Adjusted for age, race/ethnicity, and health insurance.

P-interactions between menopausal status and weight cycling episode, and pregnancy history and weight cycling episode were 0.009 and 0.004, respectively.

Table 4

Multivariable-adjusted Logistic Regression Model: History of Weight Cycling in Relation to Odds of Meeting the AHA’s Life’s Simple 7.
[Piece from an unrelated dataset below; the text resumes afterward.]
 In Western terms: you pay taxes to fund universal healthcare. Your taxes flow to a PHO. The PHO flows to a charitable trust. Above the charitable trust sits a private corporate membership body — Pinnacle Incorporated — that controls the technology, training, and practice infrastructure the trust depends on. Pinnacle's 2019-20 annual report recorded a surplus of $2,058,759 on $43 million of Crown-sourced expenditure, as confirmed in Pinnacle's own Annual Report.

Population	OR (95% CI)Low vs. Moderate/High AHA LS7 Composite Score
	Unadjusted	Adjusted*
Overall(N = 485)	2.09(1.25–3.48)	2.39(1.36–4.20)
Pre-menopausal(N = 349)	2.69(1.22–5.90)	2.72(1.22–6.08)
Post-menopausal(N = 136)	2.06(0.96–4.44)	2.14(0.95–4.84)
No Pregnancy History(N = 342)	2.98(1.30–6.85)	3.09(1.31–7.32)
Pregnancy History(N = 143)	1.80(0.85–3.81)	1.92(0.88–4.22)

*Adjusted for age, race/ethnicity, and health insurance. Bolded cells indicate p < 0.05. Study conducted at Columbia University Irving Medical Center from 2016 to 2018.
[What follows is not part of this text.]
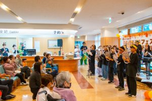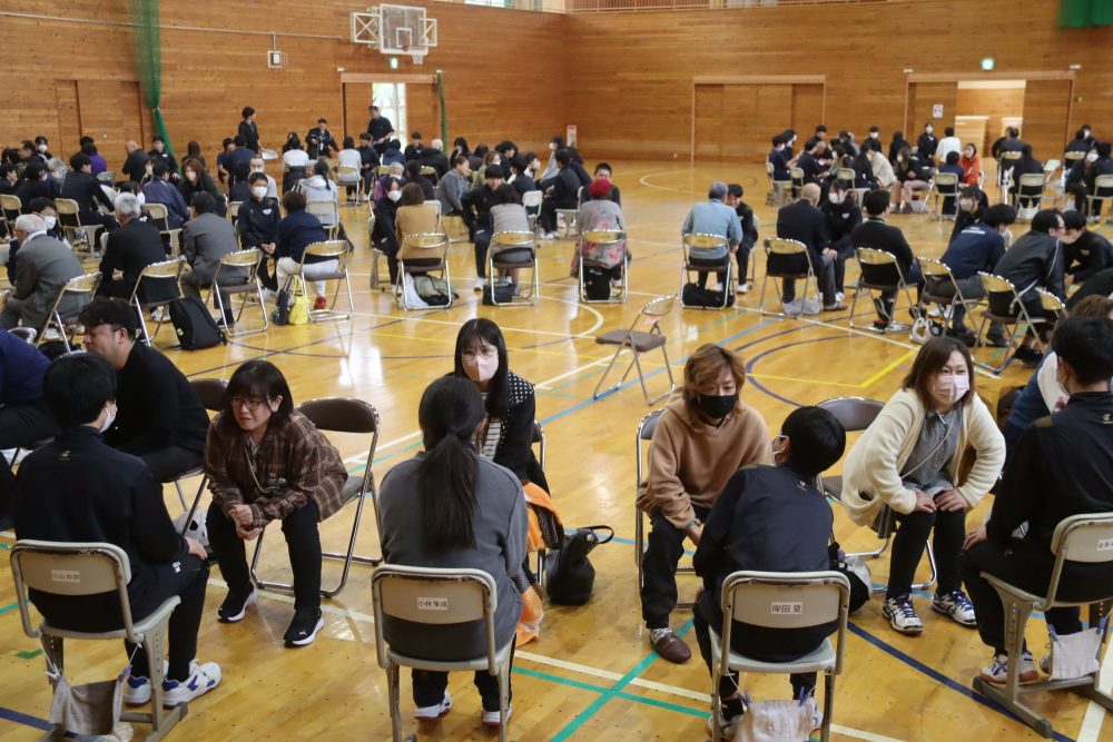 普段は関わりの少ない地域の若者と大人が世代間の理解を深める機会に―と、中野市社会福祉協議会は22日、高社中学校で「大人としゃべり場〜トークフォークダンス」を開催。同校2年生と地域の大人たち計約160人が1対1で向かい合い、テーマに沿って短いおしゃべりを楽しんだ。

Differences in association between history of weight cycling and cardiovascular health by menopausal status

There was a statistically significant multiplicative interaction for HWC with menopausal status (p = 0.009). In analyses stratified by menopausal status (Table 3), each additional weight cycling episode was associated with poor CVH in both pre- (ß (SE): −0.26 (0.08); p < 0.01) and post-menopausal (ß (SE): −0.62 (0.08); p < 0.01) women. In the multivariable-adjusted logistic regression model (Table 4), a significant association between HWC and odds of having poor CVH was observed in pre-menopausal women only (OR (95%CI): 2.72 (1.22–6.08)).
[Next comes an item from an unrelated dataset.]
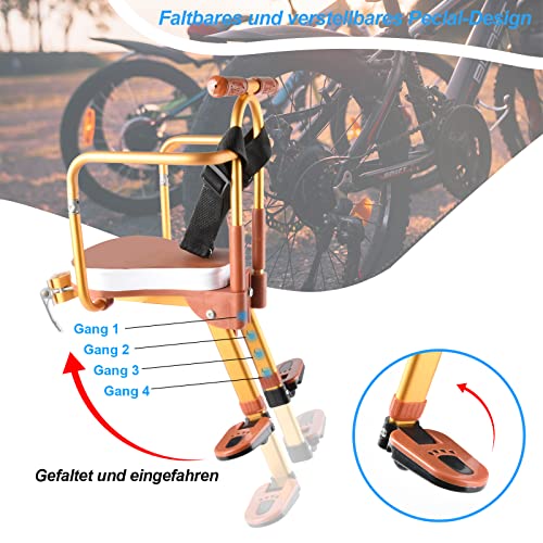 [Design pieghevole unico] Recinzione del seggiolino per bicicletta per bambini, le maniglie e i pedali utilizzano un design pieghevole unico che può essere aperto o piegato in un secondo. Dopo che il sedile è piegato, può essere trasportato in una custodia. I pedali possono essere regolati in quattro livelli per soddisfare le esigenze del tuo bambino.

Differences in associations between history of weight cycling and cardiovascular health by pregnancy history

A statistically significant multiplicative interaction for HWC with pregnancy history (p = 0.004) was also observed. In analyses stratified by pregnancy history (Table 3), each additional weight cycling episode was associated with poor CVH in both women with (ß (SE): −0.52 (0.14); p < 0.01) and without a pregnancy history (ß (SE): −0.27 (0.14); p < 0.01). (Table 4) However, in logistic regression models, HWC was associated with higher odds of having poor CVH only in women without a pregnancy history (OR (95%CI): 3.09 (1.31–7.32)).

Discussion

In this diverse cohort of women encompassing different life stages, lifetime HWC was associated with poor CVH, assessed using the AHA LS7 metrics. Each additional weight cycling episode was associated with worse CVH in the overall sample and also in analyses stratified by menopausal status and pregnancy history. Women with HWC had higher odds of having poor CVH in the overall sample. This association was stronger in pre-menopausal and nulliparous women. When HWC was examined in relation to individual CVH metrics, HWC was associated with greater odds of having a poor AHA LS7 BMI criterion score, and no significant associations were observed between HWC and the other CVH metrics.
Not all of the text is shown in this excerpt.